Leetcode: Kth Largest Element in an Array


Find the kth largest element in an unsorted array. Note that it is the kth largest element in the sorted order, not the kth distinct element.

For example,

Given

[3,2,1,5,6,4]

and k = 2, return 5.

Note:

You may assume k is always valid, 1 ≤ k ≤ array's length.

快排的思想，O(n)。
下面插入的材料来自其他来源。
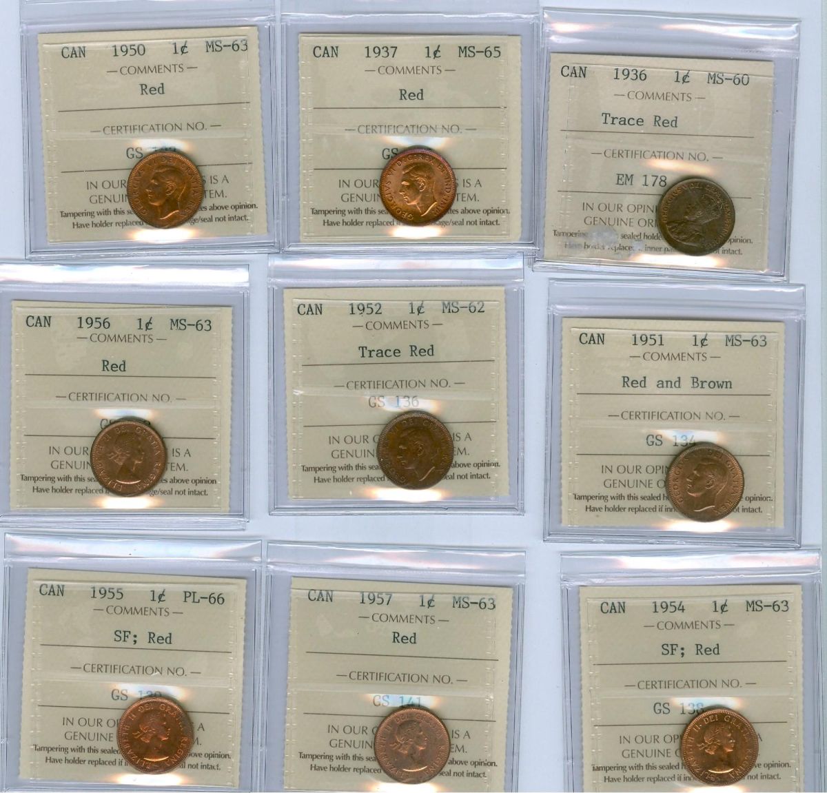 1936-1957 1¢ ICCS. Lot of 9 coins. Includes 1936 MS60 Trace Red, 1937 MS65, 1950 MS63RD, 1951 MS63RB, 1952 MS62 Trace Red, 1956 MS63RD, 1954 SF MS63RD, 1955 SF PL66, 1957 MS63RD.

朴素的快排：

class Solution {
public:
int findKthLargest(vector<int>& nums, int k) {
return partition(nums, 0, nums.size(), k);
}

int partition(vector<int>& nums, int start, int end, int k) {
if (start + 1 == end) {
return nums[start];
}

int cur = start + 1;
int less = start;
while (cur < end) {
if (nums[cur] <= nums[start]) {
swap(nums, ++less, cur);
}
++cur;
}
swap(nums, start, less);

int largerNum = end - less;
if (largerNum == k) {
return nums[less];
}
else if (largerNum < k) {
return partition(nums, start, less, k - largerNum);
}
else {
return partition(nums, less + 1, end, k);
}
}

void swap(vector<int>& nums, int i, int j) {
int tmp = nums[i];
nums[i] = nums[j];
nums[j] = tmp;
}
};

稍微高级一点的快排。怎么感觉这个更容易理解呢。。。

class Solution {
public:
int findKthLargest(vector<int>& nums, int k) {
int start = 0;
int end = nums.size() - 1;
while (start < end) {
int idx = partition(nums, start, end);
int largerNum = end - idx + 1;
if (largerNum == k) {
return nums[idx];
}
else if (largerNum < k) {
end = idx - 1;
k = k - largerNum;
}
else {
start = idx + 1;
}
}

return nums[start];
}

int partition(vector<int>& nums, int start, int end) {
int pivot = nums[start];
int i = start;
int j = end;
while (i < j) {
while (i < j && nums[j] > pivot) {
--j;
}
if (i < j) {
swap(nums[i++], nums[j]);
}

while (i < j && nums[i] < pivot) {
++i;
}
if (i < j) {
swap(nums[i], nums[j--]);
}
}

nums[i] = pivot;

return i;
}
};

也可以用堆，不过时间复杂度是O(nlogK)。